During the pre-charge-phase ( $\phi = 0$ ) the word-line is deactivated (r = 0) and the sensing is disabled ( $\overline{e} = 1$ ). For an initially discharged bit-line *m* the gate potentials of M3 and M4 are both zero and the bit-line is charged by the series connected transistors M3 and M4. As the gates of M5 and M6 are at zero, these transistors establish a voltage divider of the actual bit-line voltage. The gate of M3 is connected to the divided voltage *u*, which is a fraction of the bit-line voltage *m*. While the bit-line voltage rises, the tapped gate potential *u* rises as well. The pre-charge process of the bit-line stops, if *u* rises above  $V_{DD} - |V_{th}|$ , such that M3 enters the off-region. Hence the final pre-charge voltage  $V_{m,max}$  of the bit-line has risen in excess of the sensing threshold level  $V_{DD} - |V_{th}|$  of M3. This overshoot can be adjusted by choosing the appropriate dimensioning of M5 and M6.

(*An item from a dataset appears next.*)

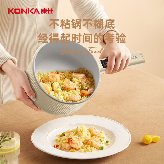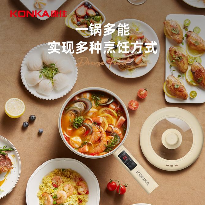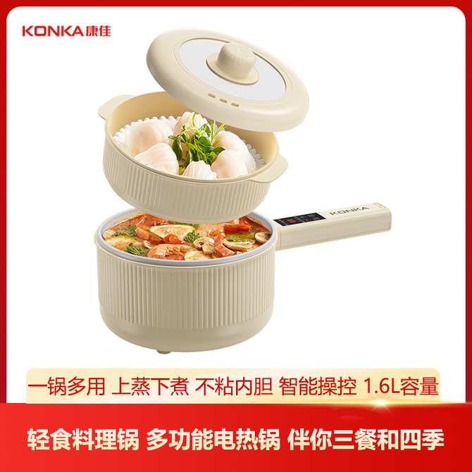 康佳/Konka 家用电煮锅智能操控 多功能电热锅 1.6L容量上蒸下煮泡面火锅小电锅电蒸锅

**Fig. 2.** Schematic of the proposed single-ended read sensing and pre-charge circuit for one memory column and domino connected digit line multiplex.

The intention of the overshoot is to achieve the required noise margin on the bit-line, which must be maintained even under process variations. With the feed-back loop for precharging the bit-line via the transistors M3, M4, M5 and M6, the voltage overshoot of  $V_{m,max}$  tracks the sensing threshold level of M3. This tracking effect is verified by simulations in Sect. 4.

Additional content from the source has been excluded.